East Asia’s emerging economies are rebounding from the global recession faster than anticipated, the Asian Development Bank (ADB) said yesterday as it raised growth forecasts for the region.
The Manila-based lender said it expects growth of 4.2 percent this year and 6.8 percent next year. That’s up from the bank’s earlier forecasts of 3.6 percent and 6.5 percent. Emerging East Asia comprises 10 Southeast Asian countries plus China, Hong Kong, South Korea and Taiwan.
The recovery has been aided by government stimulus spending and improving exports, though the pace of the rebound varies widely, the ADB said.
Less open economies in Southeast Asia were partly insulated from the global crisis but are not expected to recover strongly either, it said.

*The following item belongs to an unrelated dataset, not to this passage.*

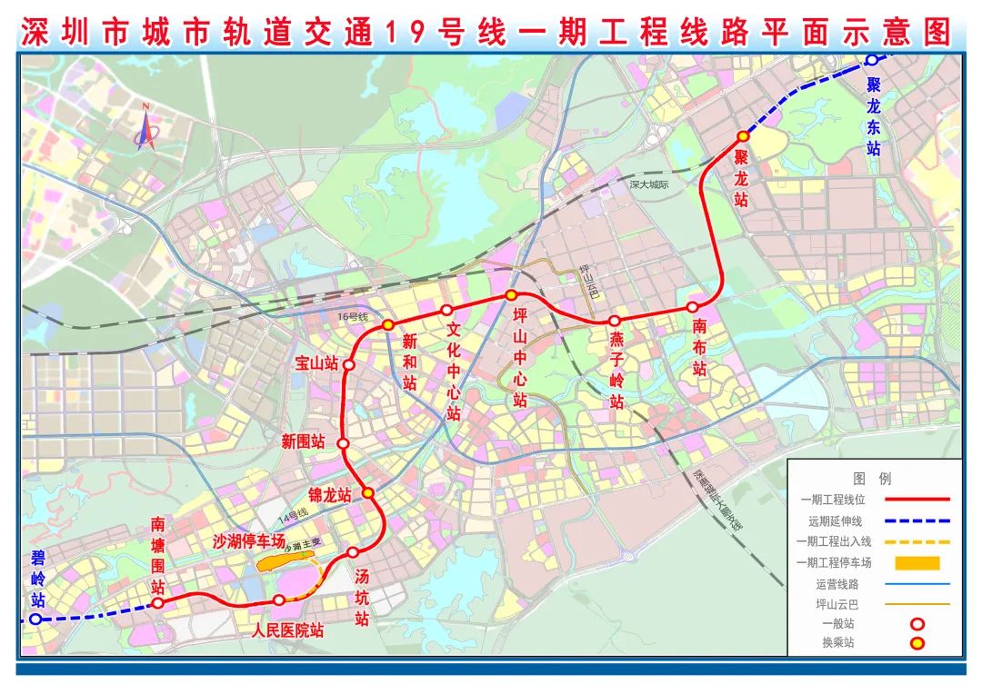 作为东部重要骨干线路,地铁19号线未来将与14号线、16号线无缝衔接,并协同在建的深大城际实现轨道交通客流的有效集散与便捷换乘。线路开通后,将提升坪山区轨道交通网络的整体效益和服务水平,对增强东部区域发展动能,强化区域辐射带动作用具有深远意义。

China, buoyed by massive stimulus spending and easy credit, recorded by far the strongest recovery, growing 8.9 percent in the third quarter. The ADB maintained its growth forecast for China at 8.2 percent this year and 8.9 percent next year.
Middle-income Southeast Asian economies — Indonesia, Malaysia, the Philippines, Thailand and Vietnam — expanded 1.2 percent in the third quarter.
The combined gross domestic product of newly industrialized nations Hong Kong, South Korea, Singapore and Taiwan contracted slightly by 0.1 percent — a turnaround from the 6.3 percent contraction in the first quarter of this year.
“Emerging Asia is rebounding strongly and growth rates next year are likely to slightly outpace 2008 in most countries,” said Lee Jong-wha, the ADB’s chief economist.
Despite the recovery, Lee said it was essential that “fiscal and monetary stimulus remain accommodative where possible to put economies on a sound footing.”
“A key challenge for each economy will be to carefully time when best to roll back the stimulus to ensure sustained recovery but avoid both excessive inflation and hefty fiscal shortfalls,” he said.
The bank said it expects 45 developing countries from central Asia to the Pacific to grow by 4.5 percent this year and 6.6 percent next year — an increase from the 3.9 percent and 6.4 percent it forecast in September.